这是他们期待的开局。完美的高位逼抢,完美的直塞,完美的射门。
但他们没有听到裁判的哨声。
主裁判斯文森·罗格——一个瑞典人,四十出头,执法过欧冠多场比赛——在顾狂歌射门后就吹了哨。不是中圈开球的哨声。是连续急促的哨声。
没人听见。
球场太吵了。六万人的喧闹声,多特球迷的欢呼声,解说员的嘶吼声——没有人注意到裁判已经吹停了比赛。

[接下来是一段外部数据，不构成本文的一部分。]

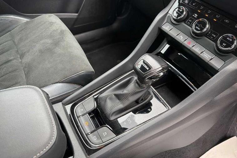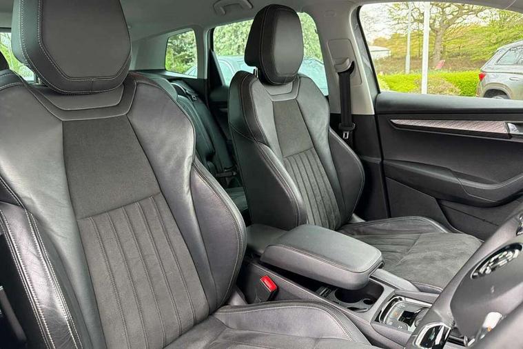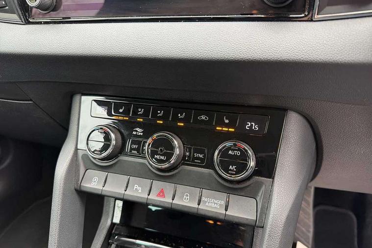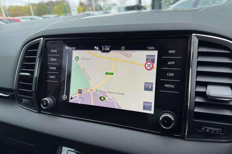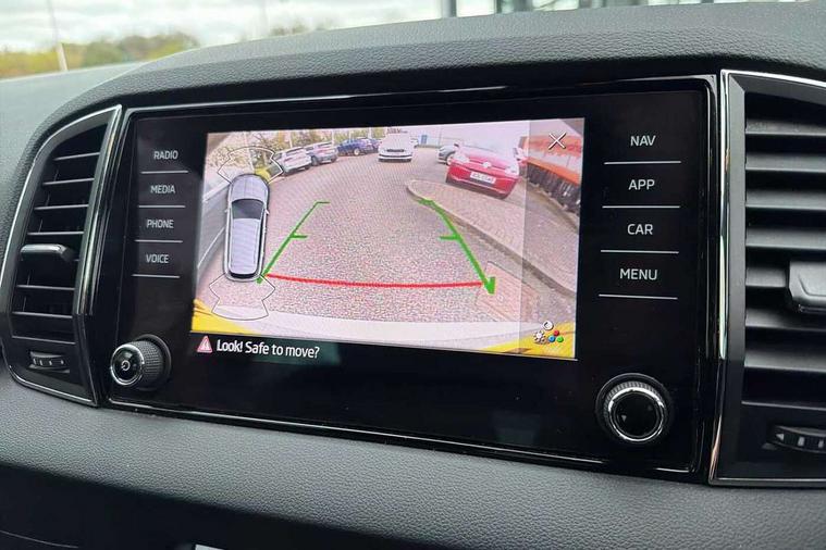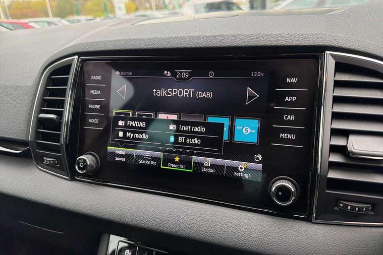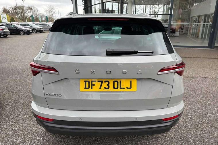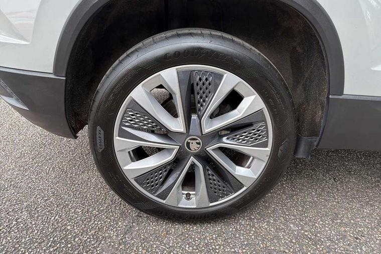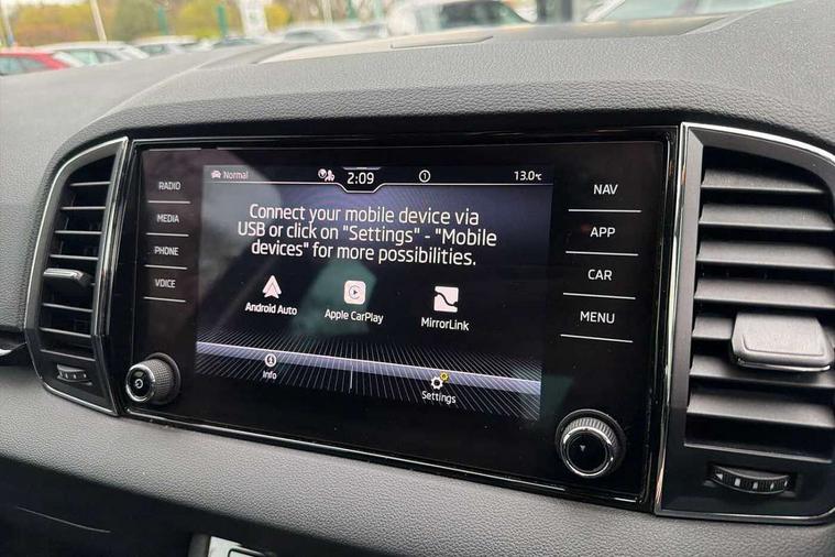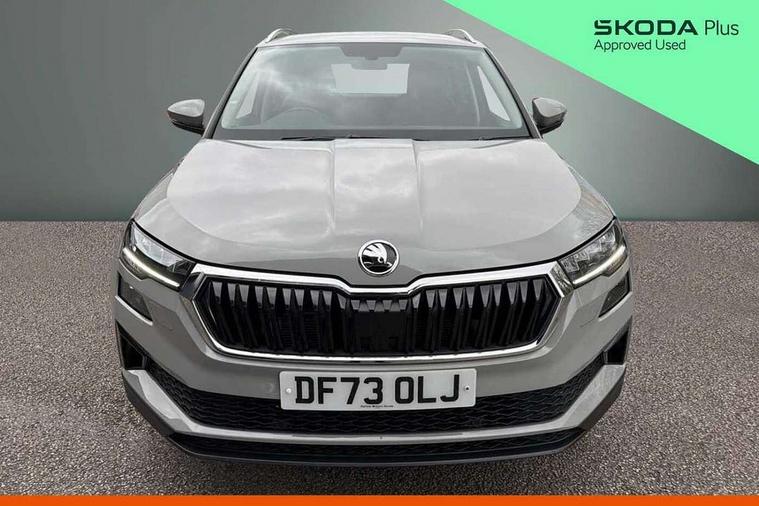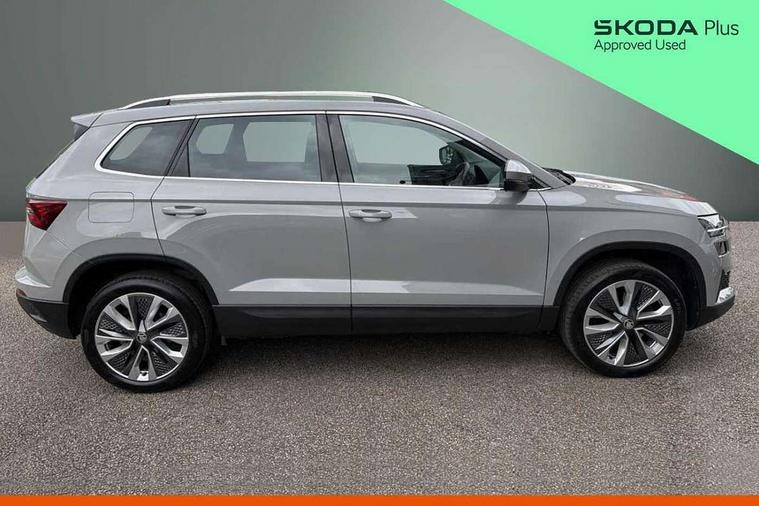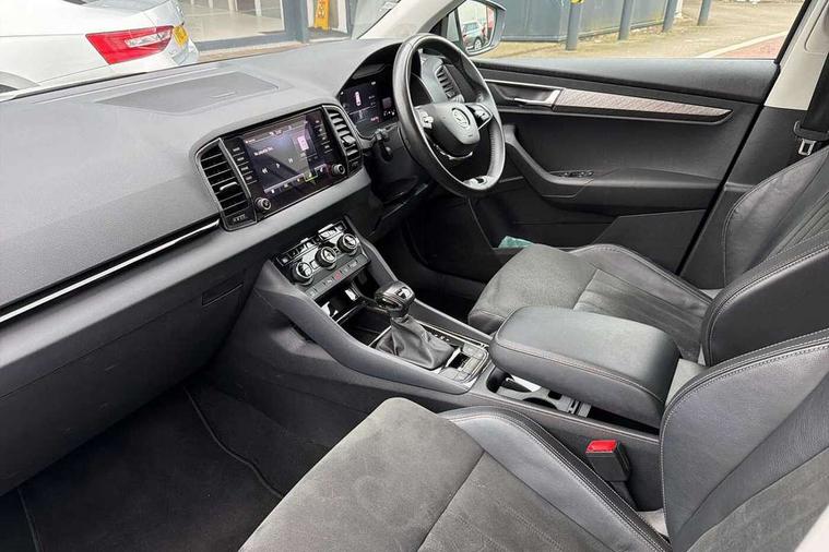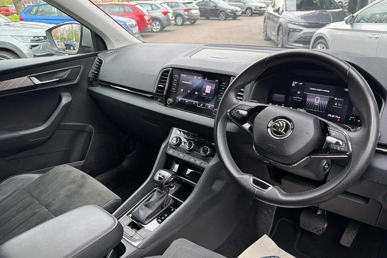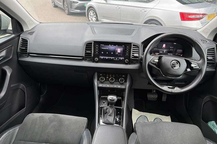 8" Digital display, Care connect, Driver fatigue sensor, Emergency services call system, Outside temperature gauge, Service interval indicator, SmartLink wireless for Apple and wired for Android, Start/stop system with regenerative braking, USB C Port x 2 in front centre console, 8 Speakers, DAB radio with Bluetooth, USB connection, Acoustic glass, Aero front windscreen wipers with intermittent function, Auto dimming rear view mirror with light and rain sensors, Black electric window control buttons, Body colour door mirrors and handles, Dynamic headlight range control with cornering light function, Electric front and rear windows with child proof lock, Heated rear windscreen, LED daytime running lights, LED rear lights with high functionality welcome effect and dynamic indicators, Light assistant (coming/leaving home/tunnel light), Plastic scuff plates, Privacy glass, Rear side wing doors, Rear spoiler, Rear window wiper with washer system and intermittent control, Safety reflectors on front doors, 1.5 litre bottle holders in driver and front passenger door panels, 12V socket in boot, 12v socket in front centre armrest with storage compartment and rear air vents, 2 spoke leather heated multifunction steering wheel with DSG paddles, 2 x Tablet holder, 3 rear height adjustable headrests, 3 seat bench in 2nd row, 4 foldable roof handles with rear coat hooks, Black floor carpet, Chrome inner door handles, Double sided boot floor, Foldable hooks in the boot, Front head restraints, Height adjustable front three point seats belts with tensioners, Height/reach adjust steering wheel, Ice scraper, Illuminated glovebox, Illuminated luggage compartment, Isofix child seat preparation for front passenger seat, Isofix child seat preparation outer rear, Manual lumbar support for front seats, Pen holder, Pollen filter, Rear boot cover, Rear reading lights, Rubbish bin door, Safety vest holder, Single front passenger seat, Storage box in upper central dashboard closed, Sunvisors with illuminated vanity mirrors, Textile floor mats, Ticket holder, VarioFlex seats with standard rear seat release, Boot pack - Karoq, Design Pack - Karoq, Parking pack - Karoq, Automatic door unlocking in case of crash, Automatic fuel cut off in case of crash, Child locks on rear doors, Driver airbag, Electronic parking brake with auto hold function, Emergency rear braking signal, ESC including ABS, MSR, ASR, EDS, HBA, DSR, RBS, MKB and traction control, Front side airbags, Hill hold control, Knee airbags, Passenger airbag with switch-off function, Pedestrian monitor, Seatbelt reminder signalisation and pretensioner for all seats, Three point seatbelts rear, Two tone horn, Tyre pressure display, Tyre pressure monitor, Alarm with interior monitoring, back up horn and tilt sensor with safe function, Electronic engine immobiliser, Keyless entry and start/stop, Remote central locking with 2 remote folding keys, Chrome framed air vents, 18" Miran alloy wheels in black, Anti-theft wheel bolts protection, Tool kit,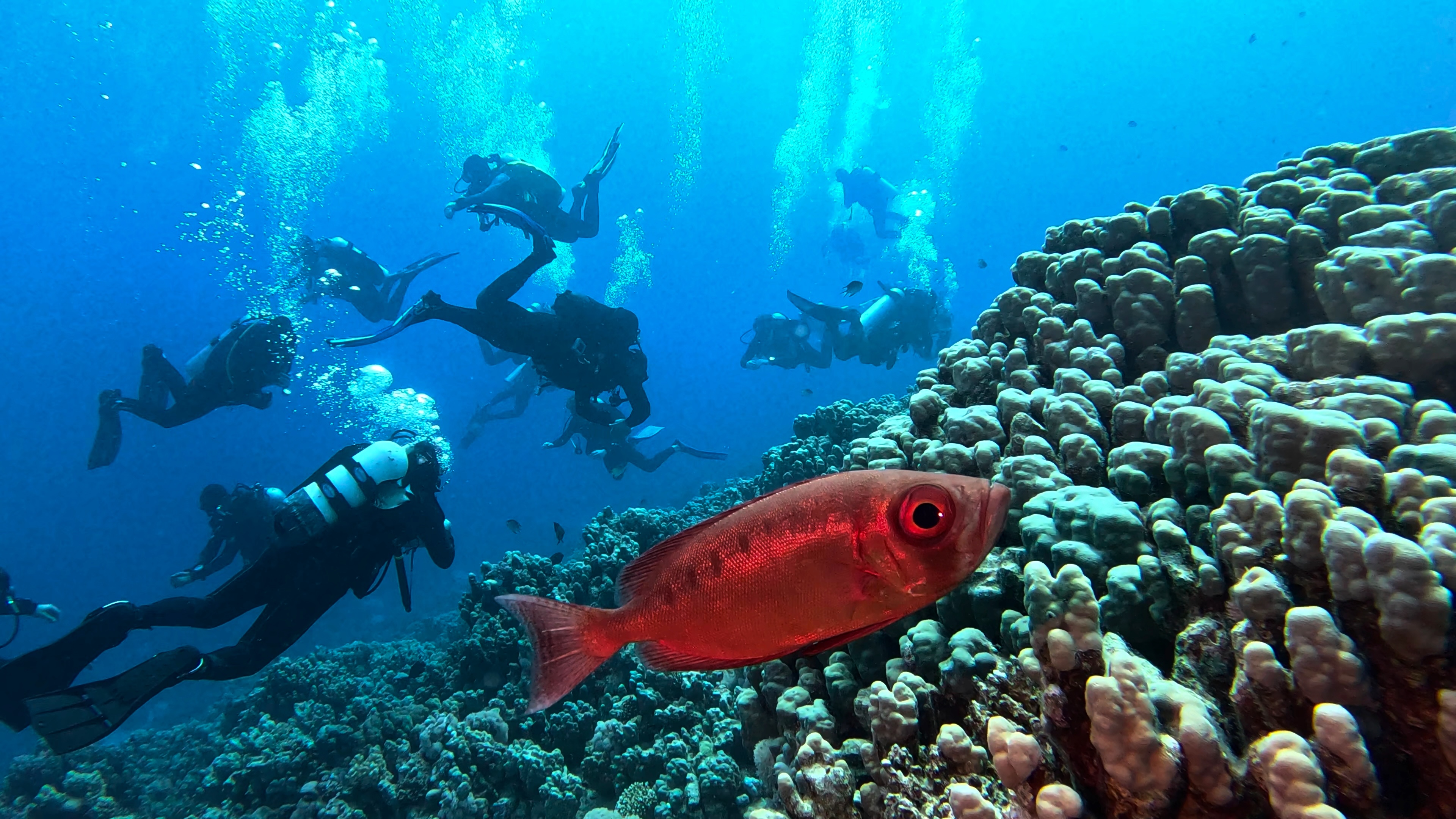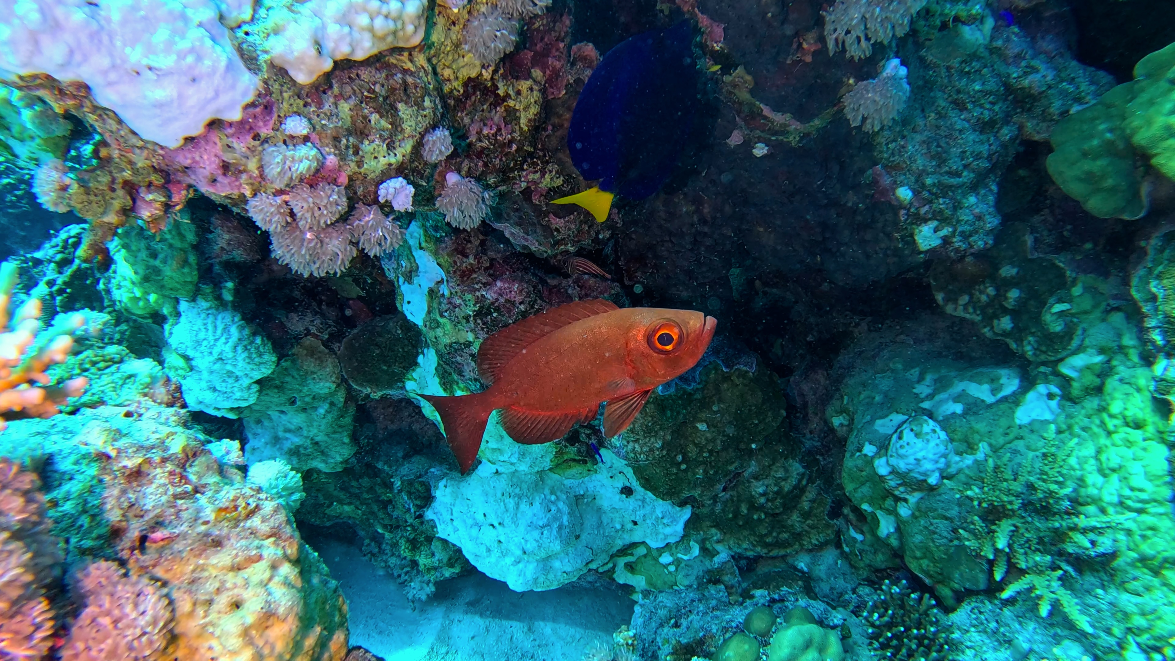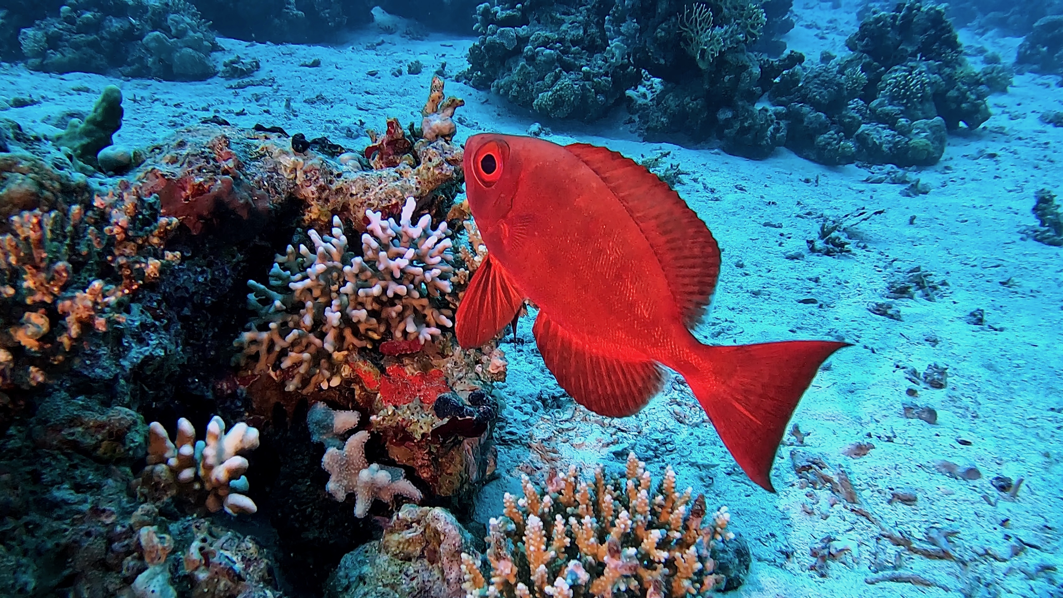 The Bloodspot Squirrelfish is a medium-sized tropical fish with a reddish body and a distinctive dark spot behind the eye. It inhabits tropical coral reefs of the Indo-Pacific region, mainly around rocky and coral habitats. It feeds on small invertebrates and plankton, primarily at night, as it is a nocturnal species. The species is not endangered, but it is sensitive to coral reef destruction and ocean pollution.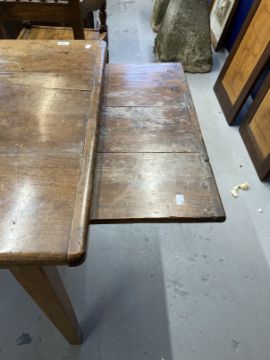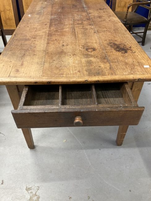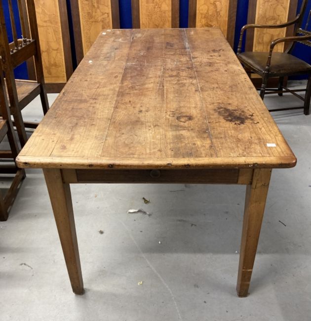 19th cent. French fruitwood farmhouse table, four plank top with cleated ends, single drawer on one end slide to the other, on square tapered legs. 71ins. x 33ins. x 29½ins. Slide extended 17¾ins.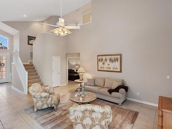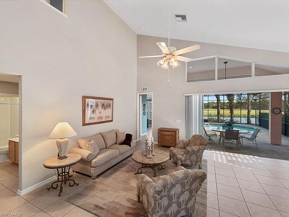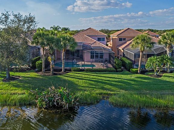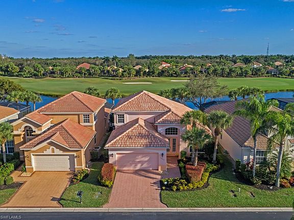 This spacious single-family home has a gorgeous view of the water and 11th hole of Miromar Lakes' Signature Championship Golf Course. The open-concept two-story plan offers a spacious great room kitchen area and formal dining. The renovated kitchen features light cabinets and stainless steel appliances. The first-floor master bedroom suite overlooking the lake has a private door to the lanai, walk-in closet, linen, dual sinks, tub, shower, and water closet. A second bedroom/office, bath and laundry are located on the first floor. Upstairs the airy loft space overlooks the great room with an additional full bath and bedroom. This highly desirable southeast facing home has an expanded pool deck and lanai. Miromar Lakes offers 700 acres of freshwater lakes, with boating, fishing, swimming, water skiing, 3 miles of sand beaches, Caribbean-style beach grill, clubhouse, pool, full-service spa, fitness center, member golf, tennis, and many other amenities. The award-winning community is across from Florida Gulf Coast University, 10 minutes from Southwest Florida International and conveniently located to several area shopping districts.
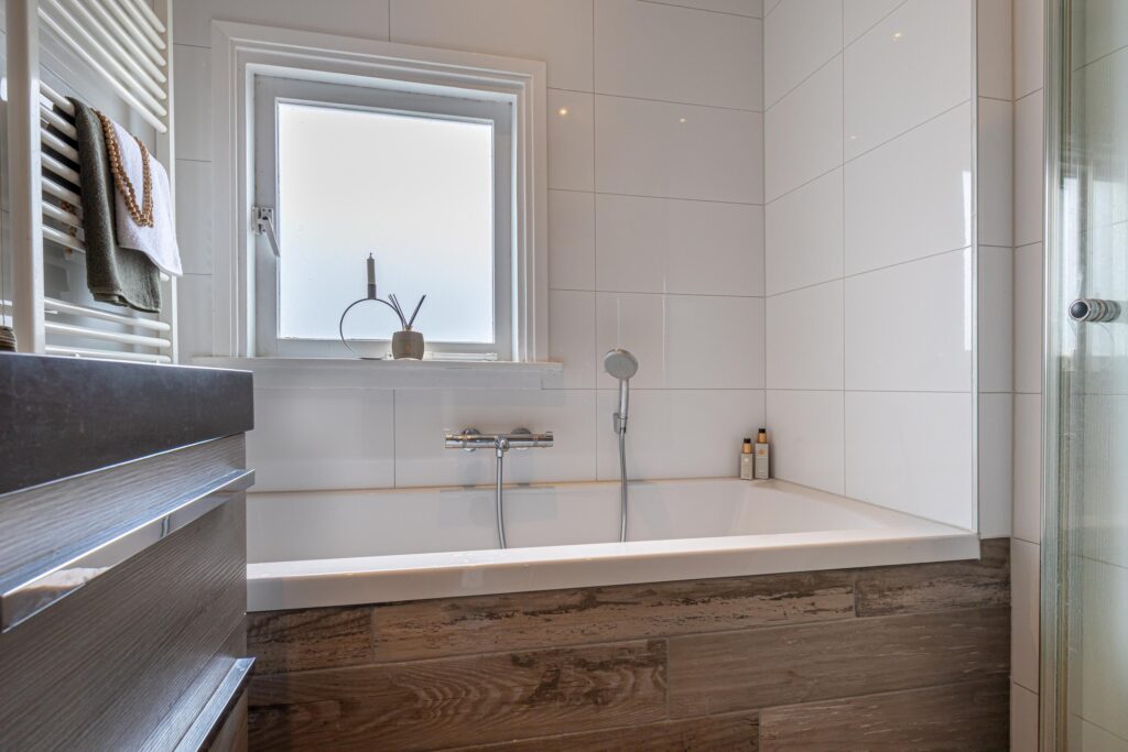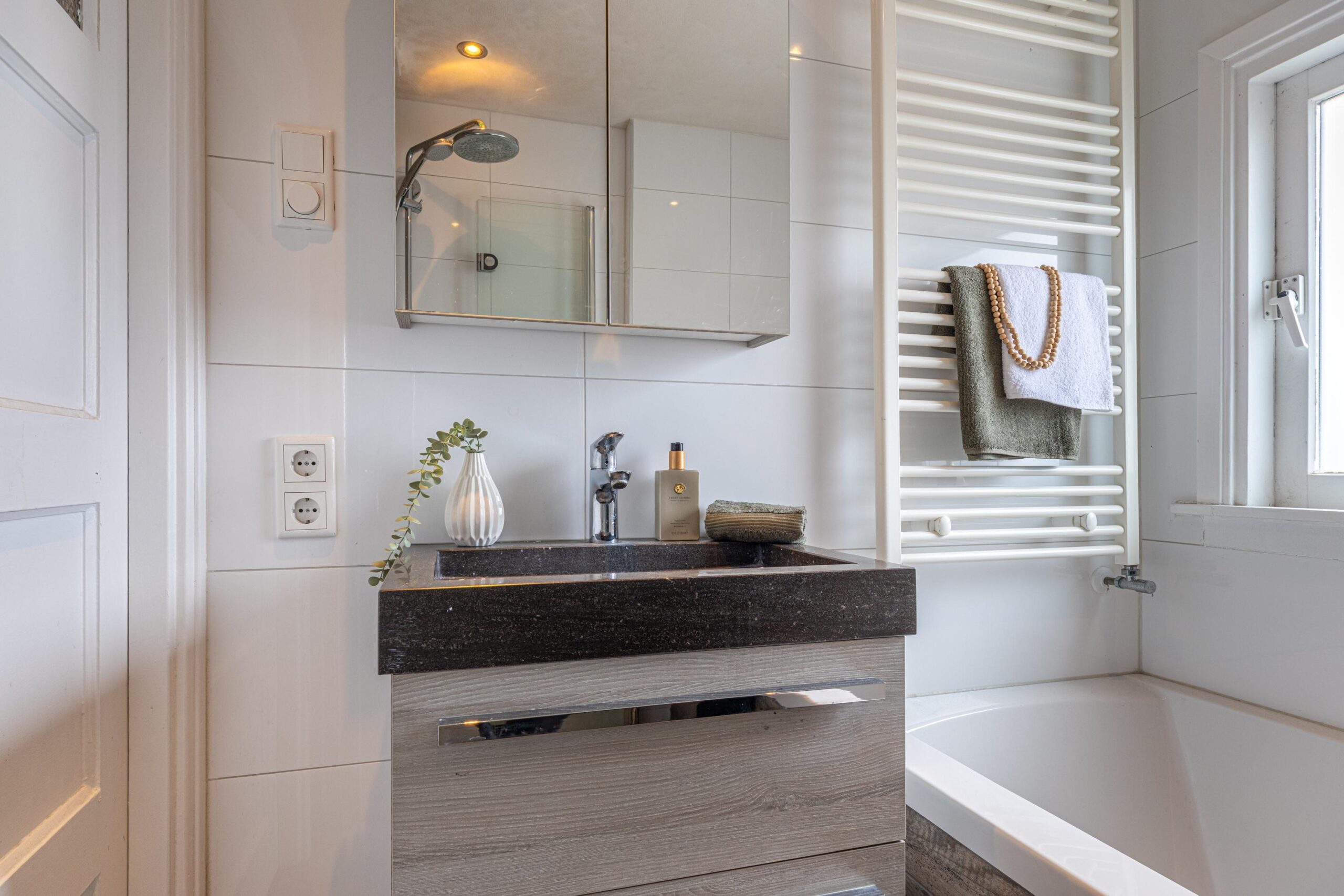 De badkamer is in 2019 vernieuwd en uitgevoerd met een frisse, moderne uitstraling en comfortabel sanitair.

转播镜头没有切给裁判。画面里是多特球员在庆祝,是顾狂歌被队友们围在中间。
直到转播导演发现了问题。
“怎么回事?”演播室里,导播的声音在耳机里响起,“裁判的手势是什么?”
镜头终于切给了主裁判。
罗格右手平举,指向——越位。
边裁举着旗。
施密茨愣住了。“等等……裁判示意越位?这个球越位?不可能!”
慢镜头回放开始播放。画面定格在香川真司传球的瞬间。顾狂歌的位置清清楚楚——他距离里昂的最后一名防守球员至少还有一米。不越位。
绝对不越位。
施密茨的声音变了。“不越位!这个球完全不越位!顾狂歌身前还有两名里昂球员!这是一个干净的进球!百分之百的进球!”
但他话还没说完,现场的画面已经变了。
里昂门将手里拿着球。他没有把球放到地上开球门球——他直接手抛球发动了快攻。
多特蒙德的球员还在对方半场庆祝。顾狂歌被队友们围着,根本不知道发生了什么事。格策还骑在他背上。
里昂的球员已经冲过了半场。
五打二。
多特蒙德的后场只有胡梅尔斯和苏博蒂奇没有参与庆祝。两个人面对里昂五名进攻球员。
胡梅尔斯大喊了一声,但已经来不及了。里昂三传两倒,球到了巴斯托斯脚下。他在禁区左侧拿球,调整了一步,左脚爆射。
魏登费勒扑了一下,但球的力量太大了,从他手边撞进球门。
进了。
主裁判罗格手指中圈。进球有效。比分变成一比一。
整个过程不到十五秒。
多特蒙德的球员终于反应过来了。
格策从顾狂歌背上跳下来,茫然地看着中圈。顾狂歌站在原地,转过头,看到主裁判的手势,看到里昂球员在庆祝,看到记分牌上的数字从一比零变成了一比一。
他的表情变了。
不是平时那种面无表情的冷静。是愤怒。是很少在他脸上出现的那种、几乎要溢出来的愤怒。
他朝裁判冲过去。
“那是个好球!”他的声音很大,大到转播话筒都收到了,“你看不到吗?那怎么可能是越位!”
格策跟上来,香川真司也冲了过来。格罗斯克罗伊茨比谁都激动,他直接冲到边裁面前,手指着边裁的脸,唾沫星子都快喷到边裁脸上了。
凯尔更冷静一些。他走到主裁判罗格面前,压低声音:“就算你认为是越位,也不该不等我们球员回位就让他们开球吧?这是规则允许的吗?”
罗格面色严肃,不为所动。他把手伸进口袋,掏出黄牌,朝格罗斯克罗伊茨举了起来。
黄牌。
这个动作的意思是——够了,再闹下去就是红牌。
格罗斯克罗伊茨被队友拉走了。
顾狂歌还站在裁判面前。他瞪着罗格,嘴唇动了动。他没有说话,但所有人都看得出他在强忍着什么。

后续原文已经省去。